= E-CORCE =

e-CORCE (e-Continuous Observing system Relayed by Cellular processing Environment) was a planned remote sensing satellite constellation from CNES (Centre National d’Etudes Spatiales), slated for launch in 2014.

Designed by an engineer from CNES, JP Antikidis, in the frame of a prospective unit led by JJ Favier, the proposed project would revolutionize satellite Earth observation methodologies by allowing at acceptable cost a rapid coverage of the entire planet (1 day to 1 week) with high resolution (metric) color pictures. The solutions use image compression (psycho-visual) coupled with new methods of receiving and processing information distributed across the planet. The project aims by 2014 to photograph all of the continents in color at a resolution of 1 meter, every week, with a constellation of 13 Earth-orbiting microsatellites at 600 km, imaging everything in their path and down-linking compressed data to processing centers on the world.

== Definition ==
e-CORCE (e-Continuous Observing system Relayed by Cellular processing Environment) can be defined as follows:

- “e-” -Product for Internet based mass market operators.
- “Continuous Observing”- Continuously refreshed view of Earth.
- “Relayed by Cellular processing Environment”- Based on the cellular layers of Space, Telecom, and Grid.
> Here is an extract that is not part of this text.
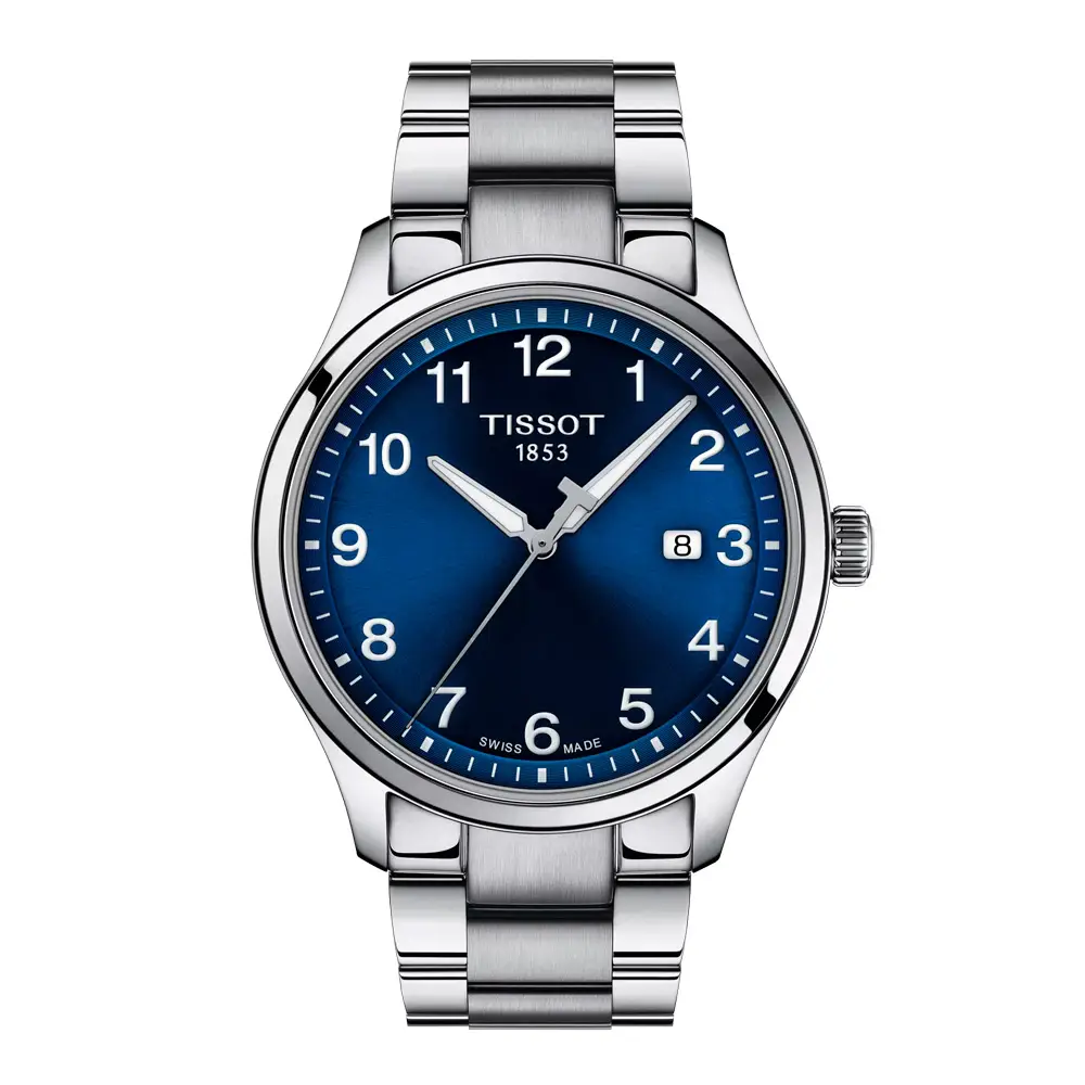Tissot Gent XL Classic T116.410.11.047.00 combines sporty elegance, modern design, and Swiss precision. Its 42 mm stainless-steel case is paired with a dark blue dial featuring polished indexes, contrasting hands, and a date display at 3 o’clock, creating a refined and versatile appearance.

"e-Constellation of Observation by Recurrent Cellular Environment" combining of three technological "cells" (space, telecom, Grid) to produce a multi-spectral image of the Earth. "e" as intended to feed the new vectors of the mass-based Internet, "Constellation" because relying on a constellation of satellites observing the Earth in "saturation" REcurrent "because based on a systematic information delivery high resolution refreshed daily to weekly. "Cellular " because using the combined virtues of new technology based on cellular processing (Wide Area Grid) distributed across the full globe.